Extubation failure was the outcome measure of the study. We defined extubation failure as when patients were reintubated or when NPPV was conducted within 24 h after extubation. As potential factors influencing the outcome, sex, age, body mass index (BMI) at admission, type of surgery, emergency surgery, ventilation period, number of SBT, use of HFNC and NPPV, and Acute Physiology and Chronic Health Evaluation II (APACHE II) scores [34] at SICU entrance were collected through the electronic medical record. Parameters that can be monitored during the weaning process, such as the heart rate (HR), respiratory rate (RR), tidal volume (TV), rapid shallow breathing index (RSBI), positive end-expiratory pressure (PEEP), arterial oxygen saturation (SpO2), end-tidal carbon dioxide (EtCO2), WOB, and LTC were also extracted afterward from an ICU electronic medical record system, RPM-7400 (Nihon Koden, Tokyo, Japan).
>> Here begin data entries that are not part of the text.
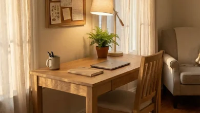 This corner desk embodies a traditional charm with its muted colors and classic furniture styling. Yet, it doesn’t shy away from a modern touch, evident in the sleek desktop items and the contemporary art that graces the wall. This desk could seamlessly blend into a stately library or offer a serious yet stylish corner in a small living space. It’s a perfect fusion of old and new, creating an aesthetic that feels both timeless and 2025.
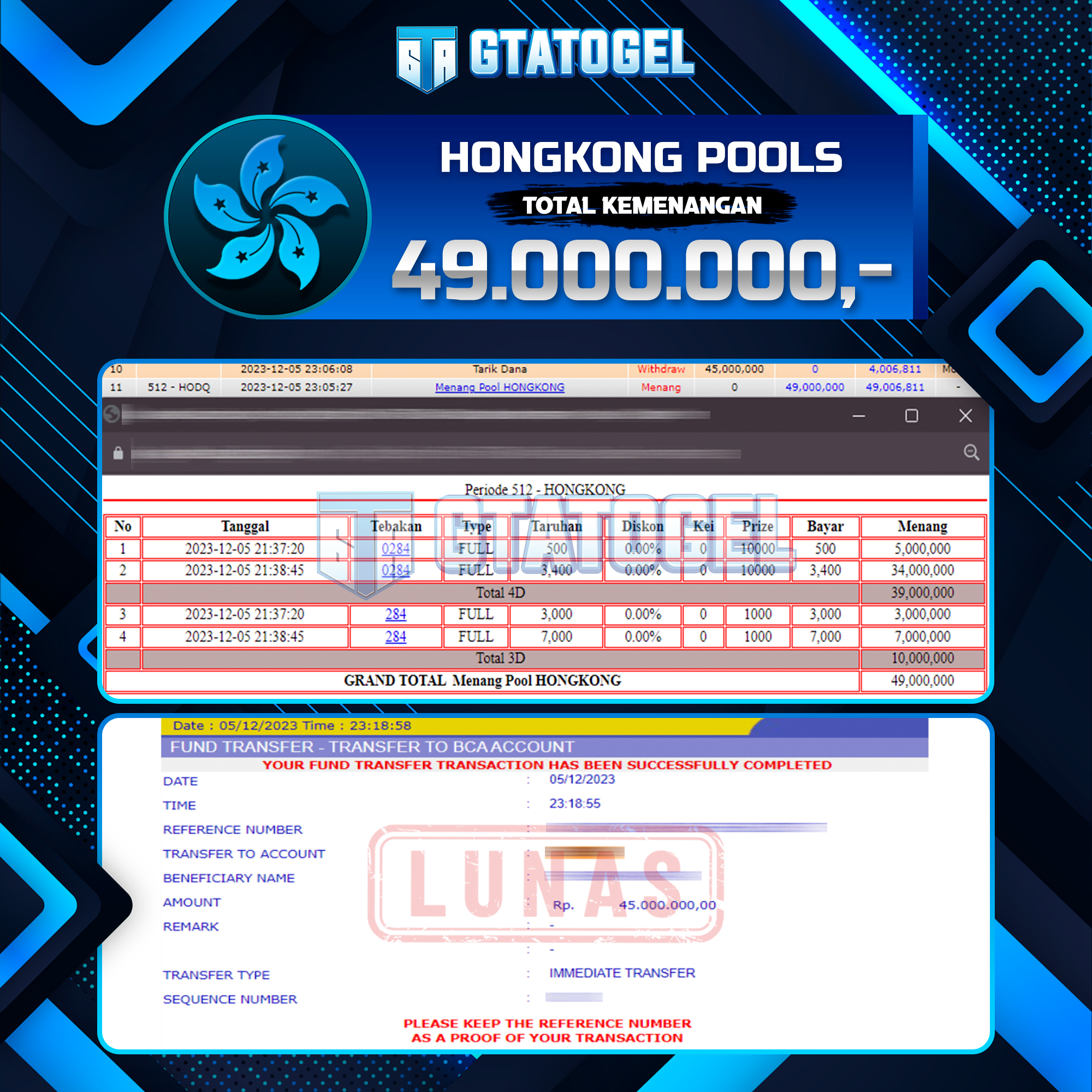 GTATOGEL – BUKTI WITHDRAW KEMENANGAN JP TOGEL HONGKONG POOLS SEBESAR Rp. 49.000.000,- DI BAYAR LUNAS !!!
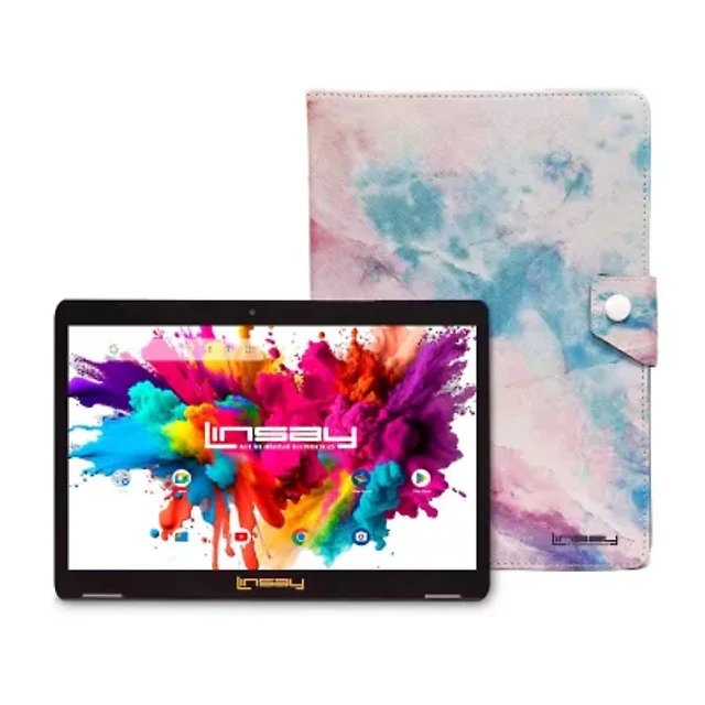New Linsay 10.1" Tablet 128GB with Flower Case with Super Screen Ips Quad Core 4GB Ram Android 14
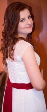 Ramiona i gorset są pokryte koronką, cały dół jest pokryty bardzo delikatnym, matowym jedwabiem. Pas z bordowego, matowego materiału można zawiązać na krawatkę tak jak u mnie, można zawiązać z tyłu na kokardę lub całkowicie go odczepić. Gorset jest mocny, ładnie modeluje sylwetkę, lecz jednocześnie suknia jest lekka.
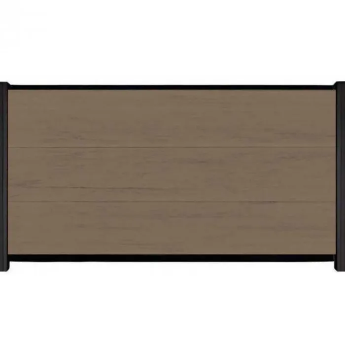 Schutting composiet co-extrusie Como vergrijsd bruin met zwart aluminium kader (180 x 90 cm). Deze schutting wordt geleverd als een zelfbouw pakket waarmee je zelf een unieke schutting kunt maken.
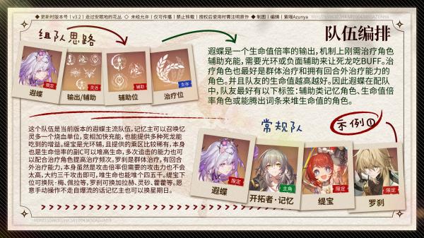 1、常规队:遐蝶+开拓者・记忆+缇宝+罗刹,忆灵加速充能,缇宝堆生命增乘区,罗刹群体治疗,适配高配置,提升输出与治疗联动。
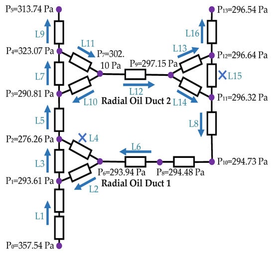Figure 12 illustrates the pressure distribution and oil flow behavior among the nodes in the winding region flow network model when reverse oil flow occurs in the bottom radial oil channel. The figure reveals that when reverse flow appears in radial oil channel 1, the pressure at node 10 (294.73 Pa) is higher than that at node 6 (293.94 Pa). This observation aligns with the discussion in Section 2.1 of this study, which states that reverse flow in the bottom radial oil channel is caused by a pressure drop reversal across the channel. Additionally, the established three-node flow resistance model accurately predicts the pressure differences between various nodes, such as node 9 (297.15 Pa), node 11 (296.32 Pa), and node 12 (296.64 Pa). By analyzing the sign of the pressure drop, the flow direction between nodes can be easily determined, thereby identifying the occurrence of reverse flow in the bottom radial oil channel.
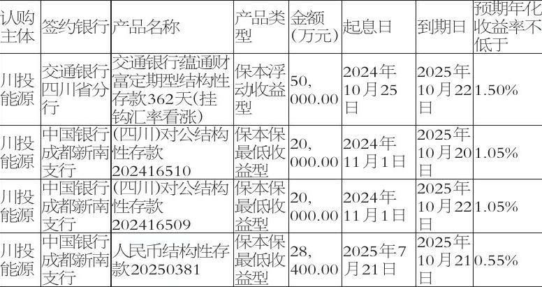 四川川投能源股份有限公司(以下简称“公司”)于2025年10月20日召开第十一届董事会第四十一次会议,审议通过《关于授权继续使用暂时闲置募集资金进行现金管理的提案报告》。拟在确保不影响募集资金投资项目正常进行的前提下,对14亿元以内的暂时闲置募集资金进行现金管理。现金管理品种为商业银行保本型理财产品,期限为2025年10月23日至2026年10月22日止,12个月内,资金可滚动使用。

All parameters were measured each minute, and the average of the last 30 min of the observation period was recorded.

Statistical analysis

We calculated that a minimum of eight patients in each group would be required to have 80% power to detect a difference in LTC of 30 mL/cmH2O between the success and failure groups at a significance level of 0.05. In the literature, the LTC in healthy adults is 80–100 mL/cmH2O [35], and in acute respiratory distress syndrome (ARDS) or cardiogenic pulmonary edema, the LTC is 29–42 mL/cmH2O [3537]. The standard deviations of the LTC are reported to be 7–13 mL/cmH2O [36, 37]. Because LTC data for target patients were not available, we used a difference of 30 mL/cmH2O. Categorical data were analyzed using Fisher’s exact test. For the other parameters, a Mann-Whitney U test was used to compare the success and failure groups. Receiver operating characteristic (ROC) curve analysis was performed to evaluate the clinical implications of parameters. The area under the curve (AUC) was calculated to assess the discriminative power of the parameters. The analysis was performed using JMP Pro version 13.2.1 (SAS Institute Inc., Cary, NC, USA). This study was approved by the Ethical Review Board, Faculty of Medicine, Kagawa University (Heisei 29-049). The authors have no conflicts of interest to declare.

Results

A total of 823 patients older than 18 years of age were admitted to the SICU during the target period. Among them, 503 patients were not mechanically ventilated during the SICU stay. According to the exclusion criteria, 142 patients were excluded. A total of 178 patients underwent the SBT process; however, 5 patients underwent a tracheotomy because they were judged to be unable to meet the extubation criteria by ICU members. Finally, we analyzed 173 patients and compared the success and failure groups. No patient had serious respiratory illness before the surgery or at ICU admission.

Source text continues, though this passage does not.